START DATA PROVIDED

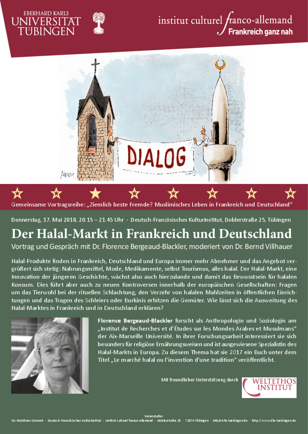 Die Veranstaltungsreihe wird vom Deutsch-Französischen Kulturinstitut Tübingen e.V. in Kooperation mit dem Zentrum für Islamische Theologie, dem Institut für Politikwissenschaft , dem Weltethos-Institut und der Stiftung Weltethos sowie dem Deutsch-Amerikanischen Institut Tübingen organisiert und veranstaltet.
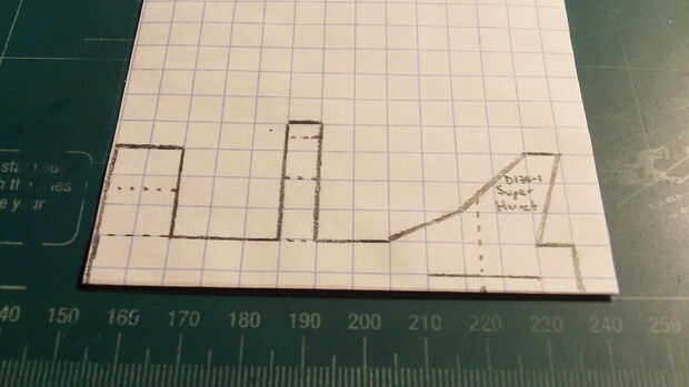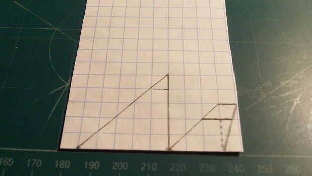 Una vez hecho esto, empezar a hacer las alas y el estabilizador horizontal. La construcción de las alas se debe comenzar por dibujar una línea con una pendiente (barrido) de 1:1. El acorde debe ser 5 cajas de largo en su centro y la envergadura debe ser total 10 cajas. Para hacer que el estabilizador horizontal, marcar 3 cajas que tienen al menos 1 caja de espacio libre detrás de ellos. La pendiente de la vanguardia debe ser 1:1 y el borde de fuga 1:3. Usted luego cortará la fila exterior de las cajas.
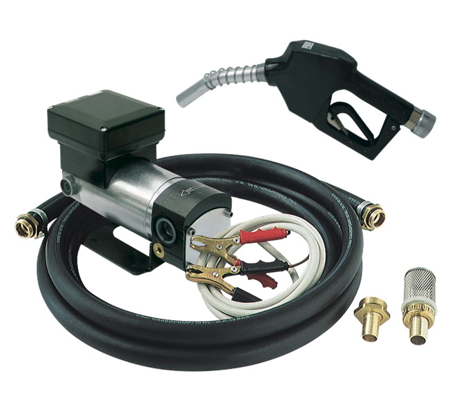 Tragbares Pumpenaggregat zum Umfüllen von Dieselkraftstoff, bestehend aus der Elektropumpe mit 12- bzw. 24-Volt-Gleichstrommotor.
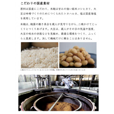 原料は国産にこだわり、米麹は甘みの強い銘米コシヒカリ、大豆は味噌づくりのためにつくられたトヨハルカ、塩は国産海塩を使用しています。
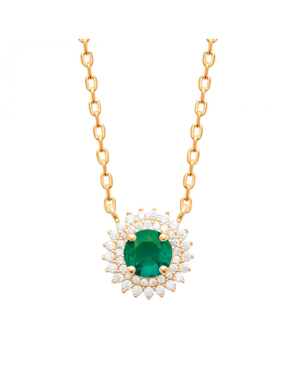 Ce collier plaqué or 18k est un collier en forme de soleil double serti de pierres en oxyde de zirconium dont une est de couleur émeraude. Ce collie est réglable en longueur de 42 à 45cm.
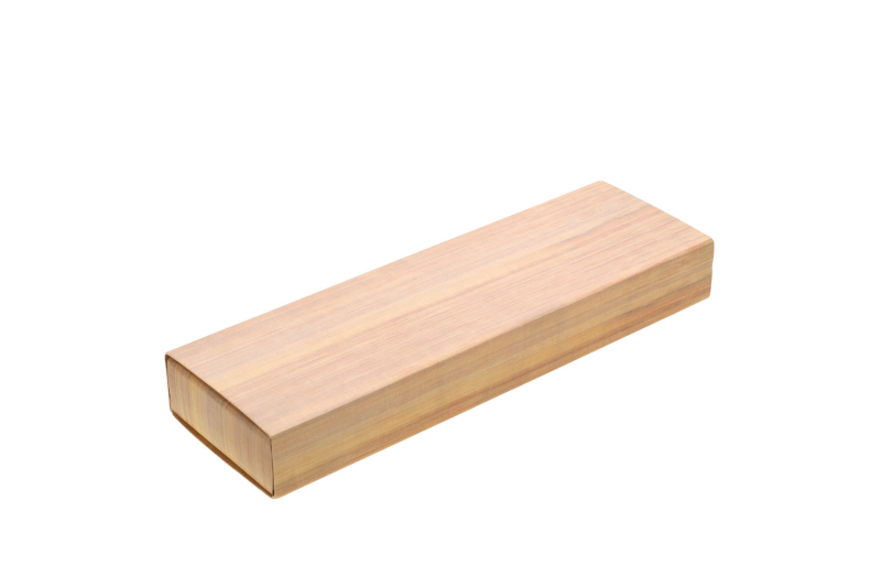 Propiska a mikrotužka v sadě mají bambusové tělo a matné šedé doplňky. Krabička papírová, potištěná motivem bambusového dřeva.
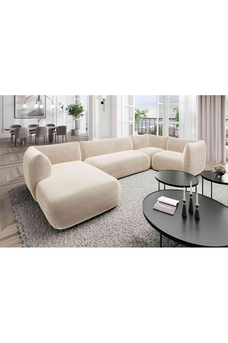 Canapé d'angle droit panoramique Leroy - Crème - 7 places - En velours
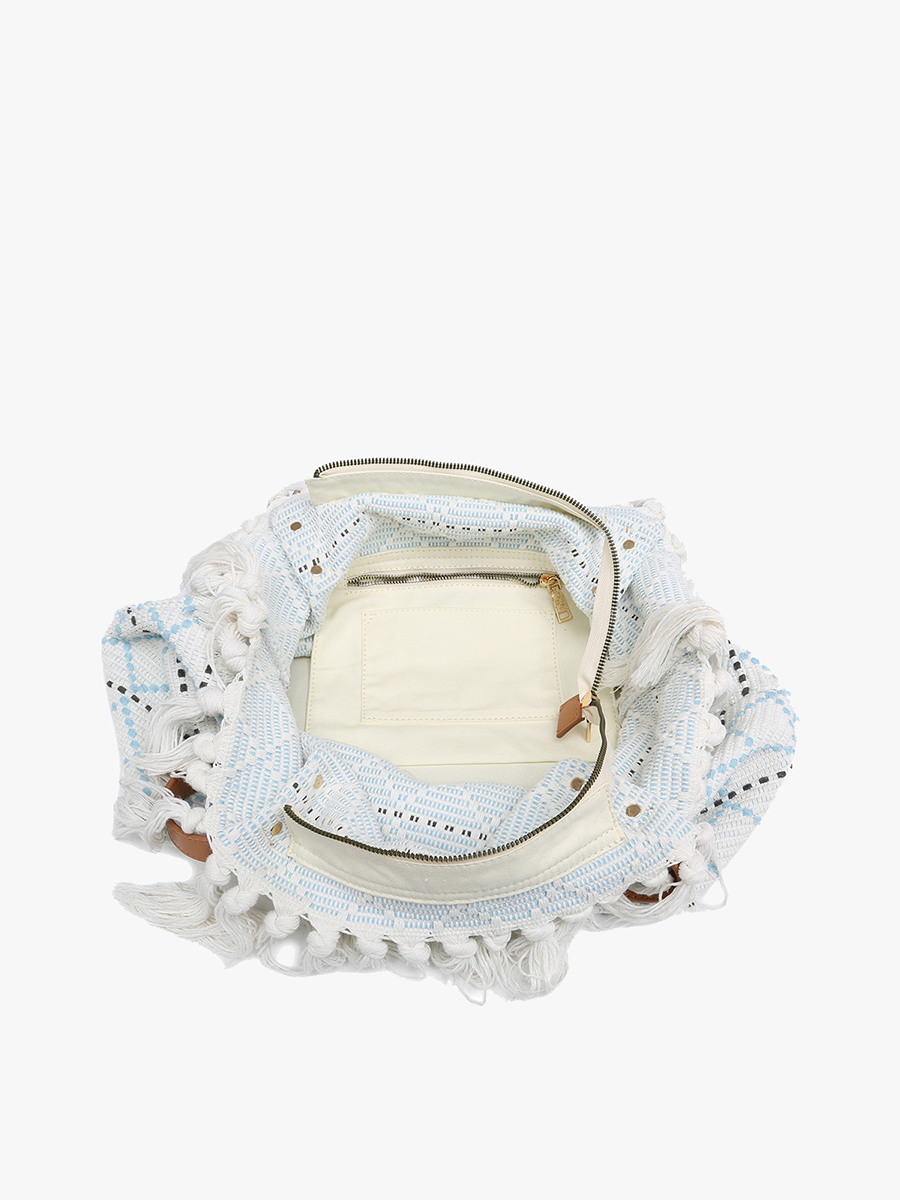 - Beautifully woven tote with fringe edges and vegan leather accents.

END DATA PROVIDED

EXERCISE DIRECTIONS →
Please return only the lines from the one holding "Canapé d'angle droit" through the end of the data, both ends included; do not copy any pictures.

ANSWER SECTION →
 Canapé d'angle droit panoramique Leroy - Crème - 7 places - En velours
 - Beautifully woven tote with fringe edges and vegan leather accents.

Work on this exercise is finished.